Вопреки Олиным рассказам, дома у него было чисто, ну, ровно как у любого одинокого мужчины. Может, чище даже, чем у холостых натуралов. Разумеется, Влад ничем не напоминал стереотипного гомосексуалиста: у него не было рельефной мускулатуры, он не носил ни кожаных штанов, ни боа из перьев - по крайней мере дома, ожидая младшую сестру с подругой. Также он не красил волос и не подводил глаз, хотя в ванной Ксения увидела коллекцию кремов, которой позавидовала бы любая девушка, кроме разве что Оли, у которой коллекция еще больше. Влад в самом деле был похож на Олю, каким-то характерным выражением лица, странным сочетанием мягких черт и жесткого, колючего взгляда. Правда, к тому моменту, когда у Оли смягчались черты лица, у нее и в глазах оставалось одно сплошное веселье - в снежки, будто малые дети, с горки, прямо на попе! - так что лицо Влада было из двух Олиных половин: Оли воскресной и Оли рабочей.
- Оленька, принеси нам чего-нибудь закусить с кухни, - и прошел в гостиную, галантно пропустив Ксению перед собой. - Что-нибудь выпить, Ксения? Ничего, что я вас по имени, правда?
Значит, галантный, мягкий, обворожительный. Налил "Джек Дэниэлс", закричал: Оля, принеси лед!- как прислуге, в самом деле, как домработнице. Удивительно, как она позволяет так с собой обращаться. Что меня так колбасит от этого, в конце концов - их дела, не надо вмешиваться, я только пришла в гости.

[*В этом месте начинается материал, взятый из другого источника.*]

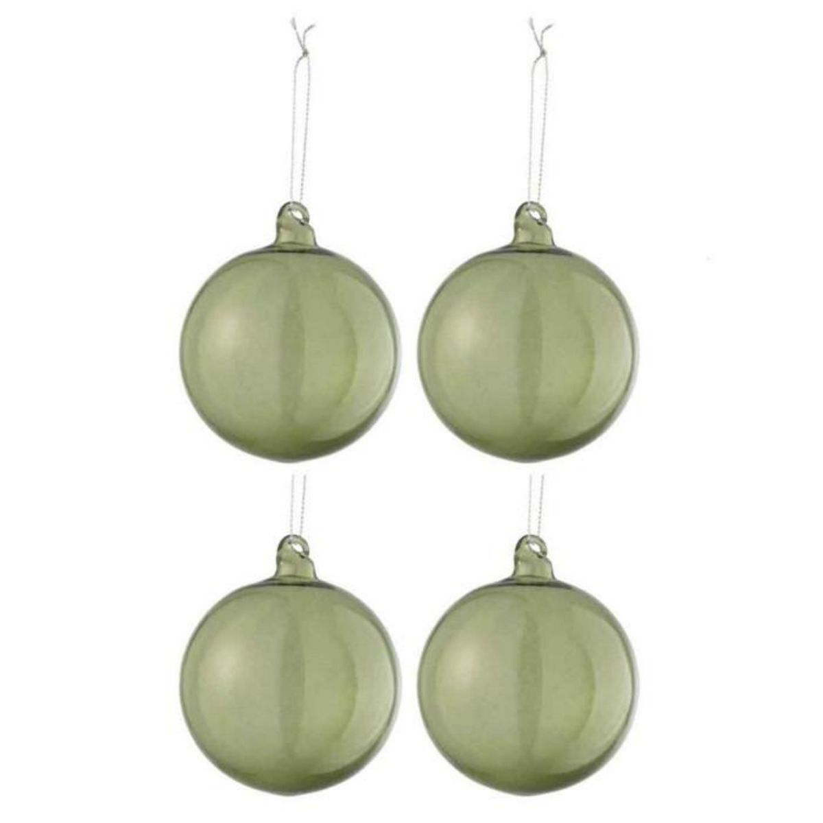 Lot de 4 Boules de Noël Verre Épais 10cm Transparent & Vert
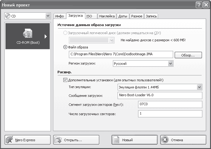 Параметр для создания загрузочного CD появляется только в расширенном режиме SmartStart. При этом запускается Nero Burning ROM, а в параметрах проекта к стандартным добавляется вкладка Загрузка. Процесс создания загрузочного диска с помощью Nero Burning Rom показан в видеоролике «Урок 2.5. Создание загрузочного диска». Необходимо отметить, что в простейшем случае такой диск создается не труднее записи диска с данными. Разработчики Nero подготовили загрузочный образ – файл DosBootimage. IMA (С:Program FilesNeroNero 7Соге) (рис. 2.9).
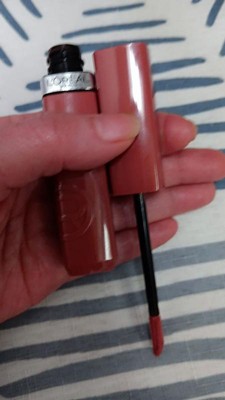 [This review was collected as part of a promotion.] Loreal Lacque Resistance Liquid Lipstick in Shade 635 Worth It Medium glides on with precision with the doe foot applicator. It has a silky smooth texture and does not feel sticky. It dries down quickly for a lasting finish.
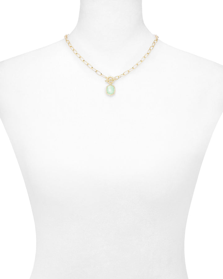 Designed in 14K gold-plated metal with shell, Mother-of-Pearl, or magnesite accents. The necklace measures 18'L with a 0.83'L x 0.51'W pendant and is secured with a toggle clasp closure.
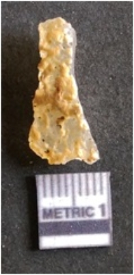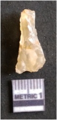 | Description / विवरण | It is chalcedony flake, translucent in appearance. The piece shows sharp pointed ends and flake scars on the surface as a result of flaking. The piece shows a bulb of percussion. |
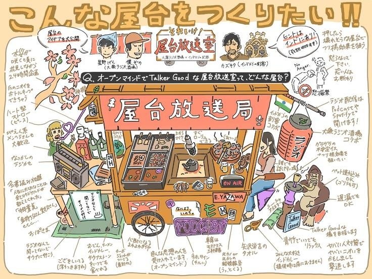 ふさぎ込みがちな現代社会をもっとオープンにしていくために、『人はラジオで話すことでオープンになる』という仮説を元に、どこでもラジオ収録ができる移動式の『ラジオ屋台』を制作し、各地に出向きラジオ番組を収録することで、持続可能で豊かな社会を実現します。みなさまの愛と勇気を、僕たちにください。
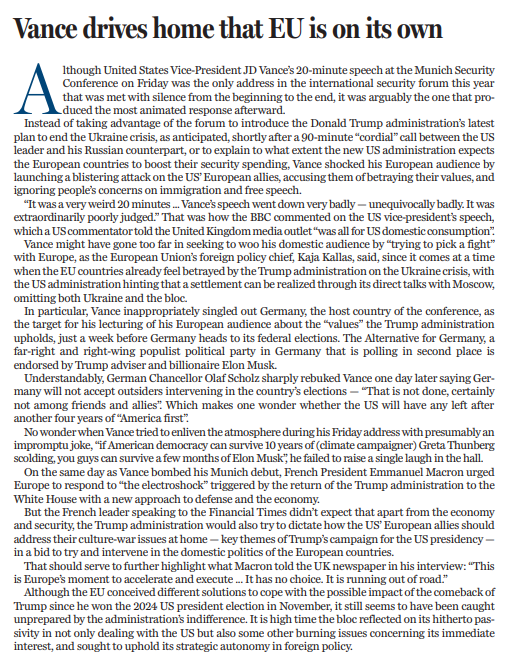 就在萬斯的慕尼黑之行“翻車”之際,法國總統馬克龍在接受《金融時報》采訪時呼吁歐洲加快行動,以新的國防和經濟政策應對特朗普政府回歸白宮所帶來的“電擊式沖擊”。但馬克龍可能沒想到,特朗普政府不僅在經濟和安全問題上向歐洲施壓,還試圖對歐洲國家如何處理國內文化戰爭問題指手畫腳。萬斯的演講表明,美國政府甚至有意介入歐洲國家的內政。正如馬克龍所言:“歐洲已經別無選擇,歐洲已經快無路可走了。”
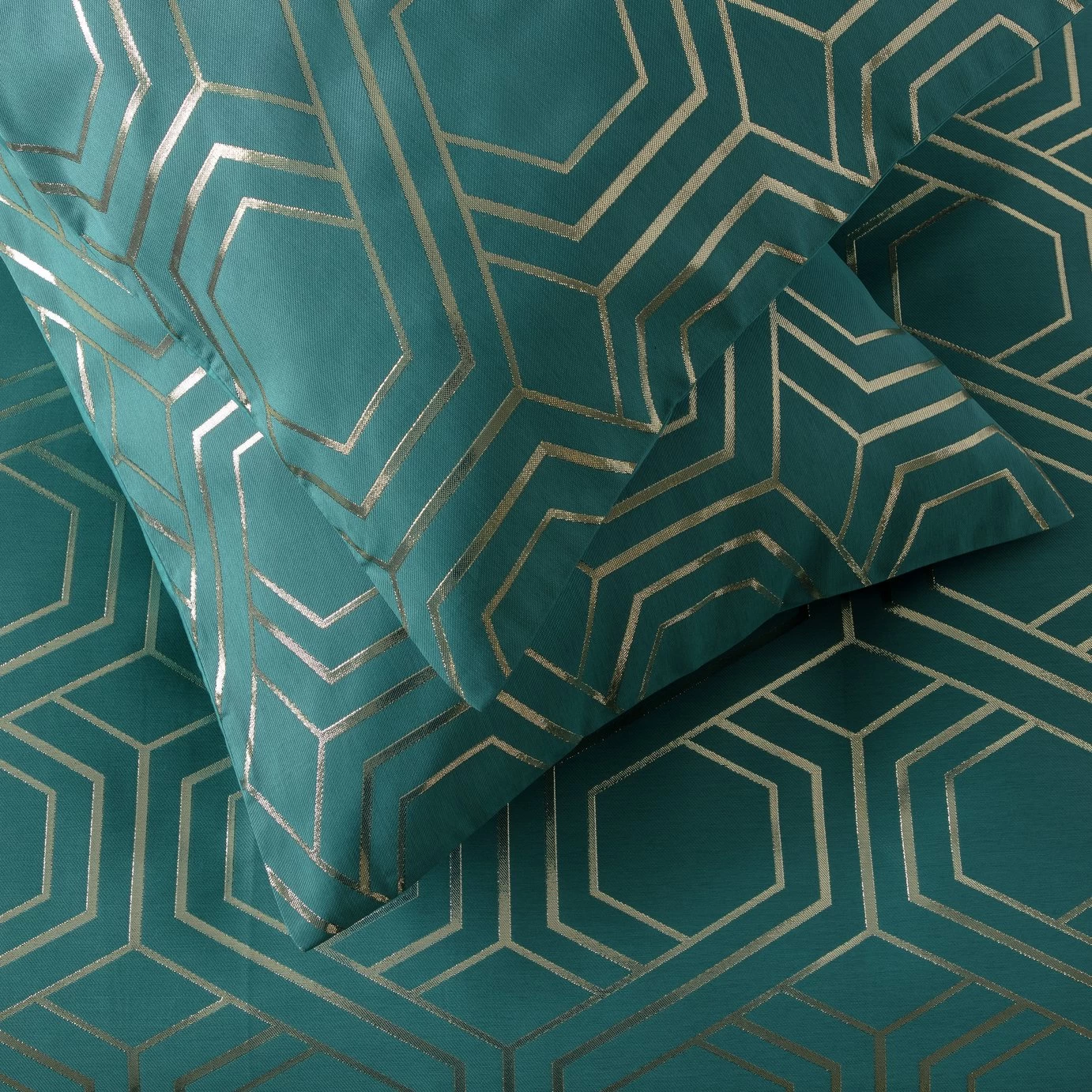Tranquil yet luxe. Settle in for a glamorous night’s rest with our double jacquard bedding set. Geo shapes woven in gold lurex thread pop against deep teal for a look that’s fashionably contemporary. Wow. With a 180 thread count it’s a treat to sleep in. Sweet, dazzling dreams.

Странные люди встречаются в московских квартирах, думала Ксения, рассматривая комнату. Одна стена была почти полностью занята книжными полками, на другой висела пара картинок. Ксении показалось, что она узнала одну: голландский, что ли, художник, рисовавший бесконечных биомеханоидов. На другой - висящий вниз головой человек с поджатой ногой и разрезанным животом, откуда прямо на лицо вываливались внутренности.
- Это мой друг нарисовал, - сказал Влад, - его нет сейчас в Москве, путешествует в Юго-Восточной Азии. Прислал недавно письмо из Камбоджи, говорит, там есть место, где сложены черепа людей, убитых во время всех этих дел. Огромная гора, которую пришлось поместить под стекло, потому что их растаскивали туристы. Жалко: Андрей бы мне привез. Был бы у меня дома настоящий камбоджийский череп.
Они обсуждают баннеры, спорят, можно ли использовать фотографии жертв.
- По-моему, они будут кликабельны, - говорит Ксения, - так что в чем дело?
- Площадки могут отказаться их ставить, - возражает Ольга, - была какая-то история год назад, во время "Норд-Оста". Впрочем, я могу путать.
- При чем тут площадки, - неожиданно для себя говоришь ты, - у них ведь остались родственники. Побойтесь бога, девушки.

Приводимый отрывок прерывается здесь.